ILLINOIS APPELLATE COURT — SECOND DISTRICT JUDGMENT AFFIRMED.


OPINION FILED JULY 1, 1980.

LAKE COUNTY BOARD OF REVIEW, PLAINTIFF-APPELLEE,

v.

PROPERTY TAX APPEAL BOARD ET AL., DEFENDANTS-APPELLANTS.

APPEAL from the Circuit Court of Lake County; the Hon. ROBERT R. McQUEEN, Judge, presiding.

MR. PRESIDING JUSTICE SEIDENFELD DELIVERED THE OPINION OF THE COURT:

Rehearing denied August 12, 1980.

This appeal presents the question whether a one-year adjusted sales ratio rather than a three-year ratio may properly be applied by the Property Tax Appeal Board (PTAB) in determining the level of assessment of residential property in Lake County for the 1976 tax year.

Seven individual taxpayers filed eight individual appeals with the PTAB challenging their 1976 assessment of residential properties in Lake County. The PTAB held a hearing on each appeal at which both the taxpayers and the Lake County Board of Review (the Board) presented evidence concerning the correct assessment of each property. Thereafter, the PTAB rendered a written decision, in each case, in which it made two findings: (1) the fair market value of each property as of the assessment date and (2) the county median level of assessments based upon a one-year study. Based upon the one-year study the PTAB applied the factor of 28.22% in each case and determined that the 1976 assessment of each property, which had been computed by the assessor and by the Board based on the three-year adjusted sales ratio at 32.33%, was incorrect.

The Board sought administrative review of each decision and the circuit court reversed the findings of the PTAB. The PTAB has appealed.
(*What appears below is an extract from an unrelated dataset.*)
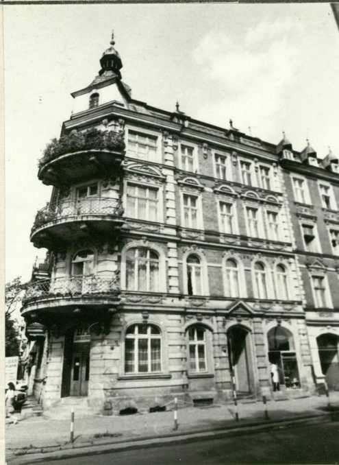
5. Elewacja południowa.
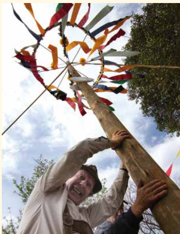
Ceremonia del Plantado del Maikranz

It is not disputed that the PTAB has authority to establish an informal procedure for the hearing of appeals. (Ill. Rev. Stat. 1977, ch. 120, par. 592.2.) Pursuant to this authority it promulgated its Rule 4D:

"The decisions of the Property Tax Appeal Board will be based on equity and the weight of the evidence. The county median level of assessments will be considered where sufficient probative evidence is presented indicating the estimate of full market value of the subject property on the relevant real property assessment date of January 1 or personal property assessment date of April 1."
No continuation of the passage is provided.